The problem we shall be looking at today is the following:
How can we list all of the prime numbers from 0 to N?
Lets start the process by spliting the process into two parts; first, we need a way of knowing if a number is prime or not. And once we have that, we need to check all the numbers 0 to N.
In [2]:
# Attempt 1
def is_prime(num):
"""Returns True if number is prime, False otherwise"""
if num <= 1: return False # negetive numbers are not prime
# check for factors
for i in range(2,num): # for loop that iterates 2-to-num. Each number in the iteration is called "i"
if (num % i) == 0: # modular arithmetic; this asks if num is divisible by i (with no remainder).
return False
# If we have iterated through every number upto num without finding a divisor it must be prime.
return True
# Making the list:
def get_primes(b):
primes = []
for num in range(0, b+1):
if is_prime(num): # Yes, you can call functions inside other functions!
primes.append(num) # If prime, add it to the list
return primes
print(get_primes(400))
Okay cool, now that we have working solution the next question is how to improve the speed. To improve speed, the first and most obvious starting point is to time the code. Lets do that now...
In [4]:
import sys
sys.path.append(".\misc") # Adding to sys.path allows us to find "profile_code.py"
from profile_code import profile
result = profile(get_primes, 100_000) # Get all primes, 0..100,000
print(result)
In the above output, we can see that it took about 32secs to get all the primes less than 100,000.
We can also see that almost all of the time is taken by the "is_prime" function (tottime column). This is important, this means that improving the performance of "is_prime" is going to considerably increase performance, whereas improving the speed of the get_primes function will have almost no impact.
For example, list comprehensions are faster than for-loops and so I could speed the ‘get_primes’ function by doing that.
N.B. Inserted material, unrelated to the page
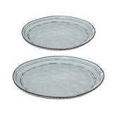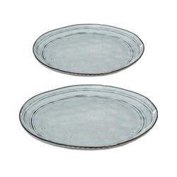 Informations Techniques : Dimensions : Assiettes plates : D. 26,5 cm x H. 2,7 cm Assiettes à dessert : D. 21,5 cm Matière : Grès Spécificités : Pratique & Moderne Service de table 12 pièces Contient : 6 assiettes plates 6 assiettes à dessert Forme ronde Chaque produit est unique, de ce fait des var

For arguments sake lets suppose using a list comprehension can speed it up that function by a massive 90%!! That’s a huge improvement! But when we look at the total time we see that get_primes took 0.015 seconds on my machine. So a 90% improvement would speed us up by about 0.012 seconds.
Okay, so the function we need to improve is the ‘is_prime’ function. I think the first line of code to study is the for-loop:
for i in range(2, num):
So this is where the fun begins! To solve this puzzle we need to think logically and be a bit creative here. Improving the speed of this line of code is not simply “know more Python”. Rather, we need to think logically and apply a splash mathematics. Here, let me show you something:
In [5]:
for i in range(1, 20):
print(i, "--", 20/i)
So this code is dividing the number 20 by 'i', where 'i' is 1-to-20. The salient point here is that numbers past 11 are not whole numbers. This makes a lot of sense when you think about it; the minimum number of ‘integer parts’ we can split X into (besides 1) is two. Thus, when we start looking at numbers greater than n/2 the solution will never be a whole number. And that stands for all numbers, not just 20.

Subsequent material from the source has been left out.